The flag also gives you a one-click rollback. The single most important property of any prompt deploy is that you can revert it in seconds.
What goes in version control
Every prompt change should be a single PR with the following:
- The prompt change itself (one semantic edit)
- A brief PR description explaining what and why
- The before/after eval scores
- A few representative output diffs (paste in the PR)
- A link to any production case that motivated the change
When you read this PR a year later, you should be able to reconstruct the reasoning without asking anyone.
The PR description does not need to be long. “Increased the limit on output bullets from 3 to 5; user research showed users wanted more context. Eval score: 0.89 → 0.91 overall, key-criterion 0.94 → 0.96. Sample diffs attached.” That’s enough.
Naming versions
Some teams use semver for prompts. v1.0, v1.1, v1.2. This works fine.
Some teams use date-based versions. 2026-04-26, 2026-04-30. This works fine too.
Some teams use commit hashes. This is a mistake. Commit hashes are unmemorable. You will refer to your prompts a thousand times in conversation; you want a name your team can say out loud.
I prefer semver-with-codename. v23 (“more bullets”). The number gives ordering, the codename gives memory. “What was the regression in v17?” is answerable. “What was the regression in commit a3f9c12?” is not.
The minor-major distinction
A minor prompt change is one where the type signature of the output is unchanged. Reword an instruction. Tweak a threshold. Add a clarifying example. The downstream renderer still works.
A major prompt change is one where the output schema changes. The downstream renderer needs an update. Calls to old prompt versions need to keep working until the renderer is updated.
Treat major and minor differently. Minor changes flow through the normal review queue. Major changes need a coordinated migration: ship the new renderer, ship the new prompt behind a flag, ramp together. The renderer must be backward compatible for at least one prompt version, so you can roll back without losing the migration.
This sounds heavy. It is. The alternative is shipping a prompt change that breaks the rendering layer in production at 3am.

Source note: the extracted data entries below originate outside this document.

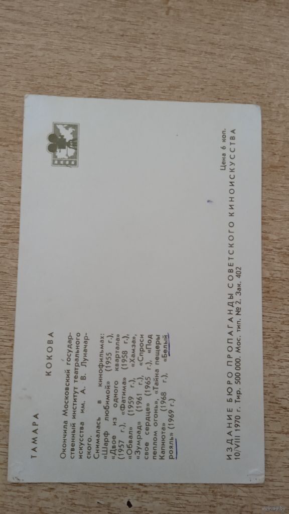 АКТРИСА ТАМАРА КОКОВА 1970г
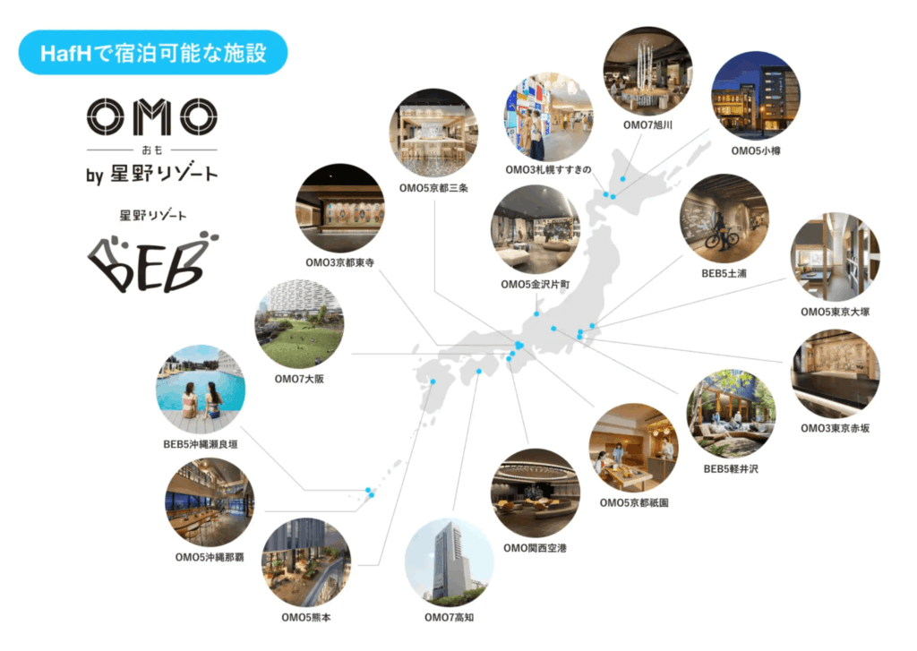 まず、HafHで泊まれる星野リゾート系列のホテルは、これぐらいあるよ(2023年3月時点)✨
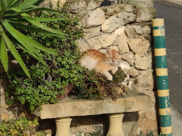 The wall behind him was a shortcut from the field to the drive, and many a cat must have screeched to a halt atop the wall on seeing one of the most formidable of the local alpha-males in residence on the bench below.
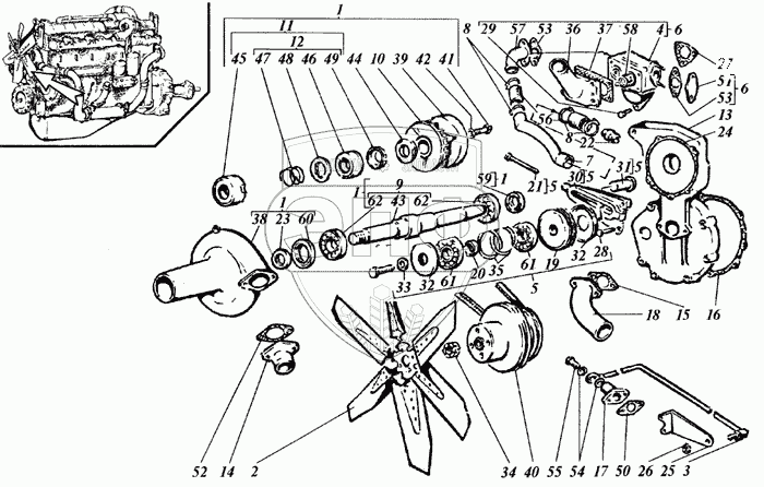 Каталог запасных частей к технике: РСМ Дон 1500Б. Насос водяной и вентилятор
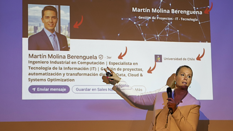La charla estuvo a cargo de Constanza Ibieta, directora de Elévate y Conecta y especialista en marca personal, quien compartió su experiencia en la creación de perfiles efectivos y en el análisis del funcionamiento del algoritmo de la red. Recalcó así la importancia de construir un perfil completo, con una URL personalizada, una fotografía profesional, un titular claro y una sección de contacto definida.
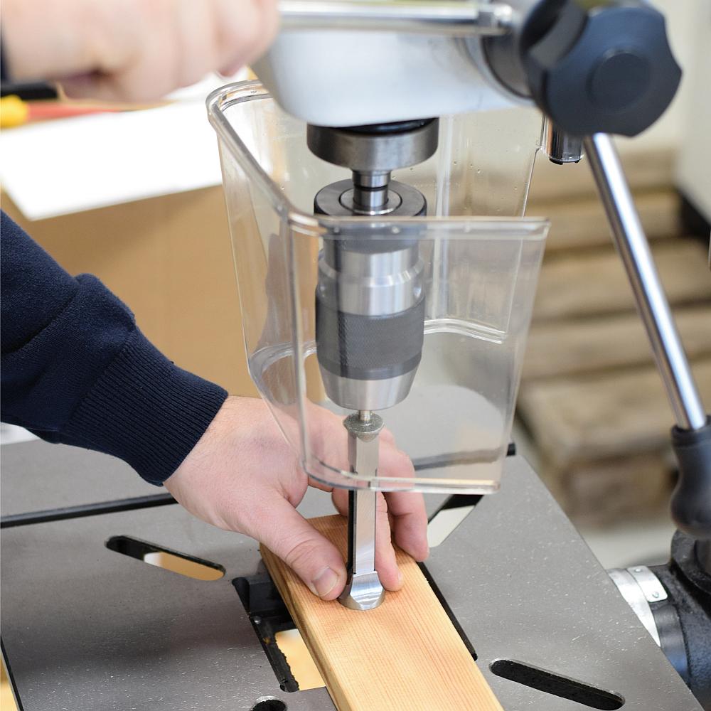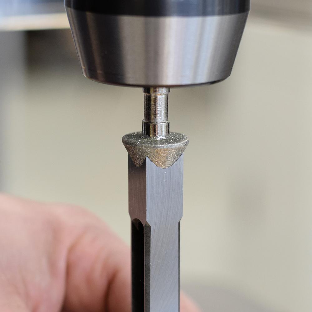 Der geschliffene Lochbohrer erhöht signifikant die Leistung Ihrer Maschine ebenso wie die Lochqualität. Wir empfehlen diesen speziell angefertigten Diamantkegelschleifer für die meisten scharfkantigen japanischen CMT- und IGM-Stemmbohrer und für Veritas-Vierkantmeißel.

When to retire a prompt version
Once you’ve shipped a new prompt and observed it for a week with no regressions, you can retire the previous version from your supported set. Practically, this means:
- Remove the old version from your
available_promptsregistry - Keep the file in git history (always)
- Update any tests that pinned to the old version
The principle: at most two prompt versions in production at any time, the current and the immediate previous. More than that and you have a maintenance problem masquerading as flexibility.
The thing this is really about
Prompt versioning is one of those engineering disciplines that seems heavy until the first time it saves you. The first time you can answer “which prompt was running when that bad response was generated, two weeks ago?” with one click instead of a manual investigation, the whole workflow pays for itself.
The discipline isn’t about the tools. The discipline is about treating the prompt as the production artifact it actually is. Most prompt bugs are not bugs in the model. They are bugs in the prompt that nobody caught because the prompt is being treated like a string and not like code.
Treat it like code. Version it like code. Roll it out like code. The prompt outlives every engineer who edits it. Make sure they can edit it confidently.